FETICHE DAS MERCADORIAS

6. O PROCESSO DE EXCLUSÃO E O FETICHE DAS MERCADORIAS

[...] Nós necessitamos a aparição: o surgimento da natureza, o surgimento dos seres e, de modo decisivo, o surgimento dos outros homens (...) A reificação é um bloqueador de aparências, interrompe nas coisas, nos animais, nos homens o seu poder de aparição. (...) As aparências bloqueadas são aversivas. No racismo, a pelo do negro parece deixar de contar como uma pele que faz aparição de um homem. (GONÇALVES FILHO. 1995. p.155)

A constituição de muitos países se funda na defesa do direito à vida, à liberdade, à igualdade e a autonomia do indivíduo em face das instituições, contra a arbitrariedade dos poderes constituídos. Essas premissas, apesar de positivas frente a uma história anterior, subordinam-se ao direito à propriedade, trazendo implicações individualistas e desigualdade social. (SALES. 2004. p.28)

“A história dos direitos é também uma história das classes sociais e dos projetos sociais em disputa. Uma história de lutas sociais, de forças históricas em confronto, cada qual com o objetivo de tornar dominantes suas concepções e interesses, bem como uma determinada forma de cultura e sociedade.” (SALES. 2004. p.34)

No Brasil, as pessoas não partilham das mesmas possibilidades, mesmo que sejam considerados iguais politicamente. O que é considerado uma infração para as pessoas pobres, é visto apenas como um desvio de conduta quando a mesma situação é cometida por uma pessoa que pertence às camadas médias da sociedade.

Os reais fundamentos da sociedade brasileira são o individualismo egoísta, a desigualdade, o privilégio de alguns, a desumanização de grande parcela da população.

A criminalização16 dos atos de uma classe social (pobres) ou de um grupo de pessoas que se aproximam pela faixa etária (os adolescentes) transforma em suspeito qualquer indivíduo de uma dada categoria, independente de sua atuação. Ao mesmo tempo em que individualiza o crime e descontextualiza a sua aparição na sociedade.

Nas palavras de Chauí (2000. p.90)17 citado por Sales (2004. pp. 83-84) “[...] essa naturalização [da pobreza], que esvazia a gênese histórica da desigualdade e da diferença, permite a naturalização de todas as formas visíveis e invisíveis de violência.”

Ainda mais quando o Estado promove mais violência ao favorecer o grupo dos que possuem renda em prejuízo dos que possuem apenas a sua força de trabalho. O Estado tem a função de proteger os indivíduos uns dos outros, pois a não igualdade social entre os membros de uma cidade ou comunidade, ou seja, a diferença entre aqueles que possuem os meios de produção e as propriedades ou aqueles que detêm apenas a sua força de trabalho, impõem a rivalidade entre as partes.

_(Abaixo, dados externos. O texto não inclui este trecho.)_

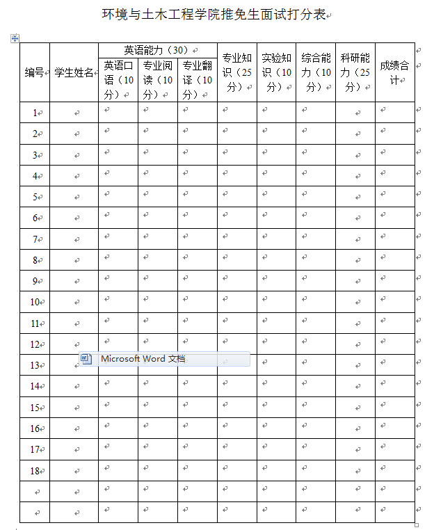 4、接受推免生的学院组织面试,主要参照《伟德国际1946bv招收攻读硕士学位研究生复试办法》进行组织。面试内容包括专业知识、综合能力、动手能力、外语听说能力以及思想政治品德等。面试成绩记入《推荐免试研究生面试记录表》。环境与土木工程学院推免生面试的打分表见附件。

O uso da força e até da violência foram legitimadas socialmente para esse fim. O constante acúmulo de capital de uma pequena parcela da população, em detrimento da expropriação de muitos gera a necessidade do Estado promover a proteção da propriedade privada. Para que ocorresse o acúmulo de capital para alguns, muitos necessariamente foram expropriados.

As possibilidades apresentadas pelo sistema capitalista de produção não proporciona a todos os homens a participação na divisão dos lucros do trabalho social, deixando grande parte da população excluída das conquistas provenientes do desenvolvimento da tecnologia, da aquisição de conhecimento, das novas alternativas de lazer e conforto.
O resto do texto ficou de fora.